I could hear Them singing. How could I hear Them singing in vacuum? It wasn’t in my ears. It wasn’t even in my head. It sounded like wind blowing through impossibly loud chimes, somehow discordant and beautiful at the same time, a choir of off-key angels.

They/It was beautiful as well. From where I hung in space I could see Their spires rooted deep into the asteroid, towers of a bioluminescent, coral-like material. They looked like a huge and perfectly still, tranquil city. I hung in space, naked and whole, no machinery in me any more, watching Them/It.

A whisper that came from deep within imparted to me that this was Them, that this was all They were. That this had been Their existence and They had been content because They had never known or wanted more.

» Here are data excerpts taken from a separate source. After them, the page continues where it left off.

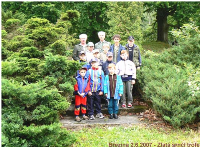
Březina 2.6.2007 - Zlatá srnčí trofej

Děti ze Základní školy Kozojedy jsou zapojeny a aktivně se účastní činností mimo školu jako jsou různé zájmové kroužky nebo sportovní klání.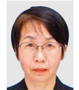
中 緑 (なぎなた)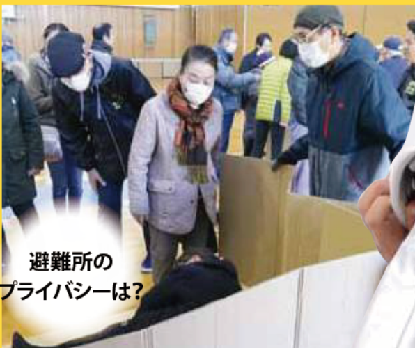
避難所の プライバシーは?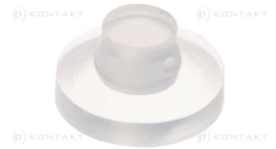
Typ 1 Type 1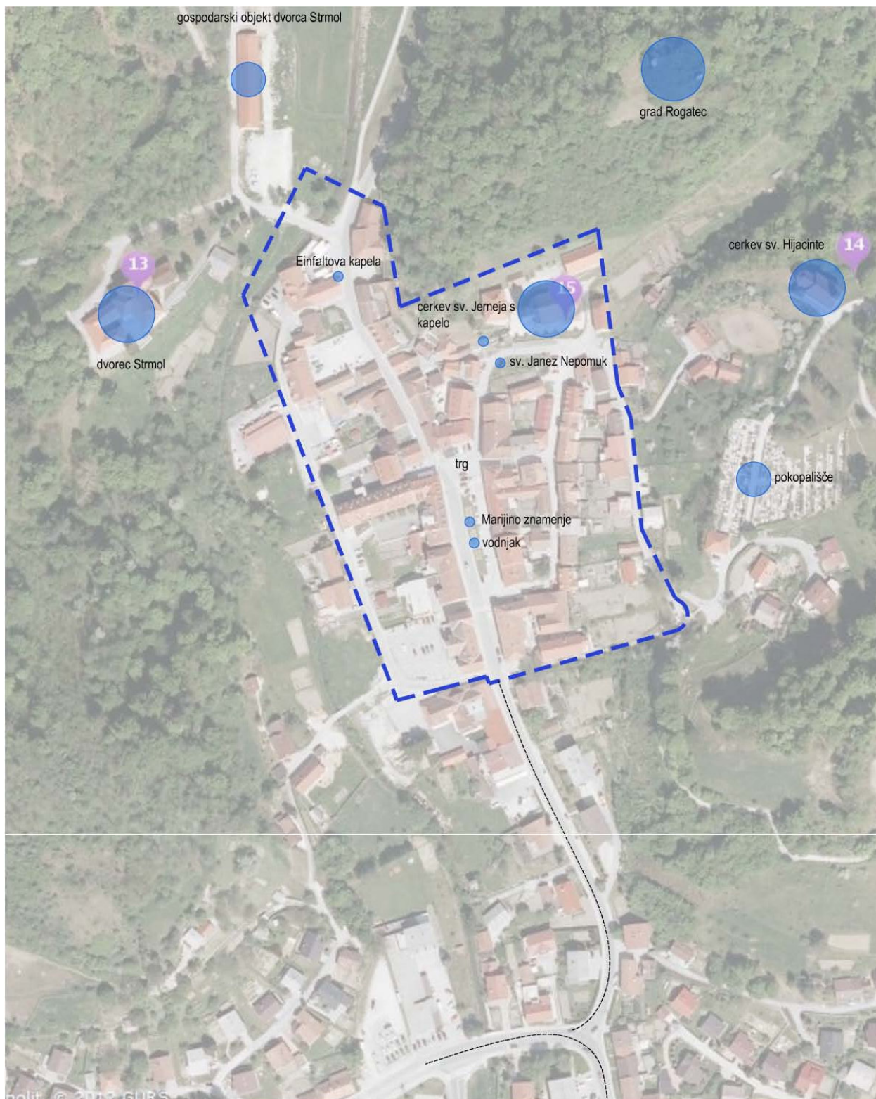
Slika 2 Prikaz območja obravnave s prikazom objektov krajevne kulturne in sakralne dediščine

I thought I could watch Them for ever and listen to Them for ever. Something at the back of my mind wondered how I could be in vacuum again and not be dying. I saw a flash image from a nightmare. Cold, so very cold, veins exploding, blood leaking around the plastic that filled my eye sockets. Gone again as I forced it down, a memory from another time, another life, and I just hung there and watched and listened.